DATA RECORDS:

◇ ◇ ◇

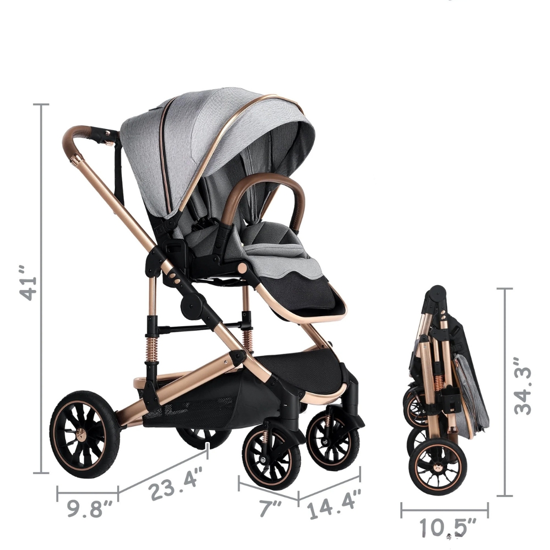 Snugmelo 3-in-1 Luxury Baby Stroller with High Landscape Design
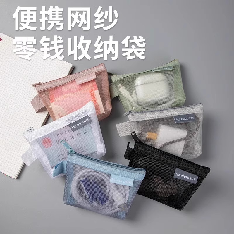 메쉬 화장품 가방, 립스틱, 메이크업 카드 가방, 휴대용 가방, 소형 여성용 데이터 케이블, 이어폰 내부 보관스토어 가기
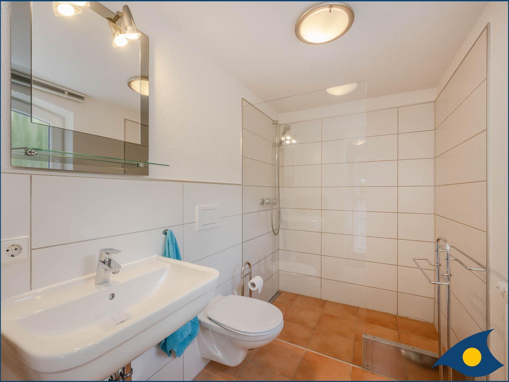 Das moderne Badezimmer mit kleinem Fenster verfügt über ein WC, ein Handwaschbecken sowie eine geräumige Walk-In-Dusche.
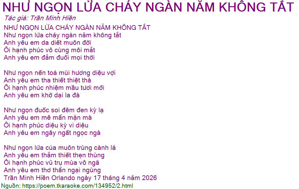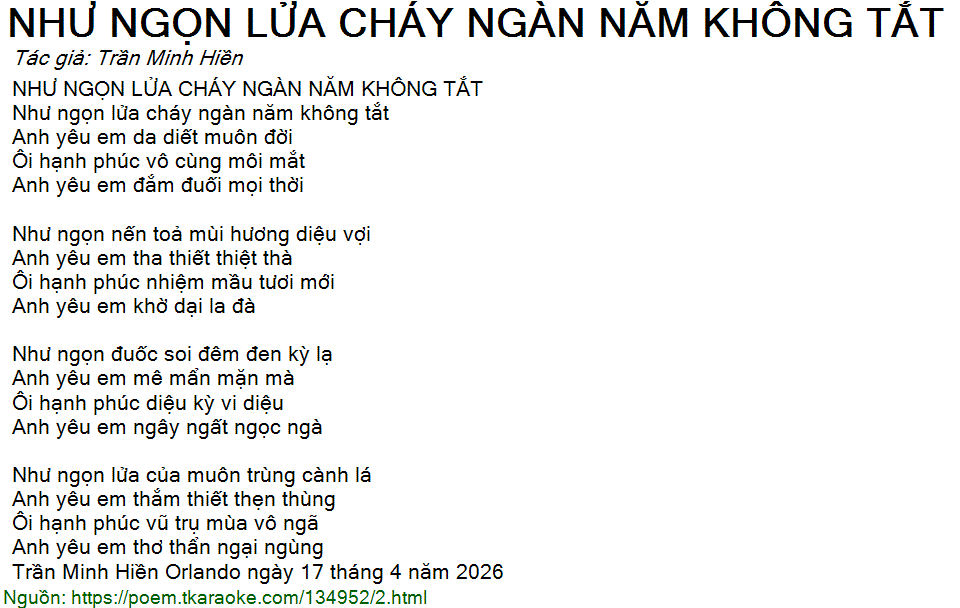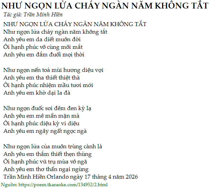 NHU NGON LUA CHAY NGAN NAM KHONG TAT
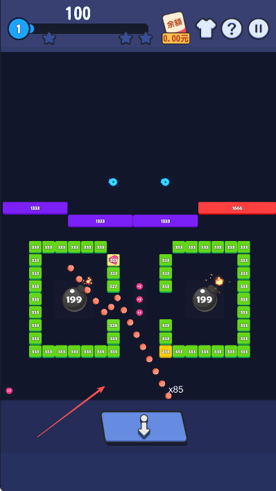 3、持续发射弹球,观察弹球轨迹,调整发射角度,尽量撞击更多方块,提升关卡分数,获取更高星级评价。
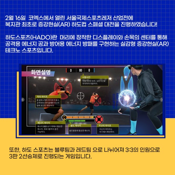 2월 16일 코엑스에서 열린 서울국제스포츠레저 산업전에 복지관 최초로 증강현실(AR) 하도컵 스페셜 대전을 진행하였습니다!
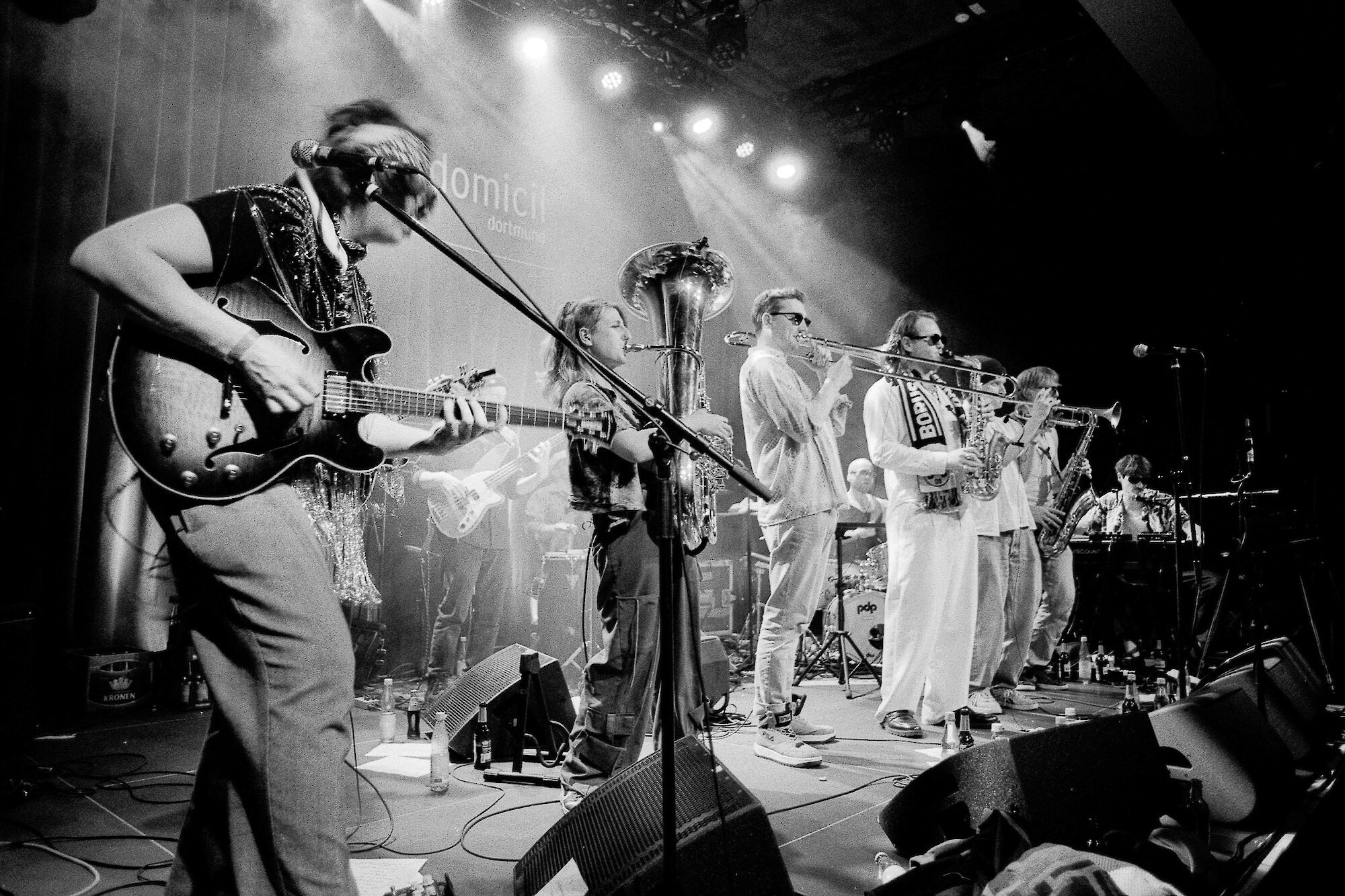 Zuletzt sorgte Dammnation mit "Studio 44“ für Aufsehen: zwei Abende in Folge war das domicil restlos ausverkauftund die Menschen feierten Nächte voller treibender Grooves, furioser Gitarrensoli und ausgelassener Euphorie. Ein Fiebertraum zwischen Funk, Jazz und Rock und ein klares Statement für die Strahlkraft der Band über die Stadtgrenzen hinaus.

◇ ◇ ◇

WORK ORDER: Would you return the records exactly, keeping out every picture?

TASK RESPONSE:
 Snugmelo 3-in-1 Luxury Baby Stroller with High Landscape Design
 메쉬 화장품 가방, 립스틱, 메이크업 카드 가방, 휴대용 가방, 소형 여성용 데이터 케이블, 이어폰 내부 보관스토어 가기
 Das moderne Badezimmer mit kleinem Fenster verfügt über ein WC, ein Handwaschbecken sowie eine geräumige Walk-In-Dusche.
 NHU NGON LUA CHAY NGAN NAM KHONG TAT
 3、持续发射弹球,观察弹球轨迹,调整发射角度,尽量撞击更多方块,提升关卡分数,获取更高星级评价。
 2월 16일 코엑스에서 열린 서울국제스포츠레저 산업전에 복지관 최초로 증강현실(AR) 하도컵 스페셜 대전을 진행하였습니다!
 Zuletzt sorgte Dammnation mit "Studio 44“ für Aufsehen: zwei Abende in Folge war das domicil restlos ausverkauftund die Menschen feierten Nächte voller treibender Grooves, furioser Gitarrensoli und ausgelassener Euphorie. Ein Fiebertraum zwischen Funk, Jazz und Rock und ein klares Statement für die Strahlkraft der Band über die Stadtgrenzen hinaus.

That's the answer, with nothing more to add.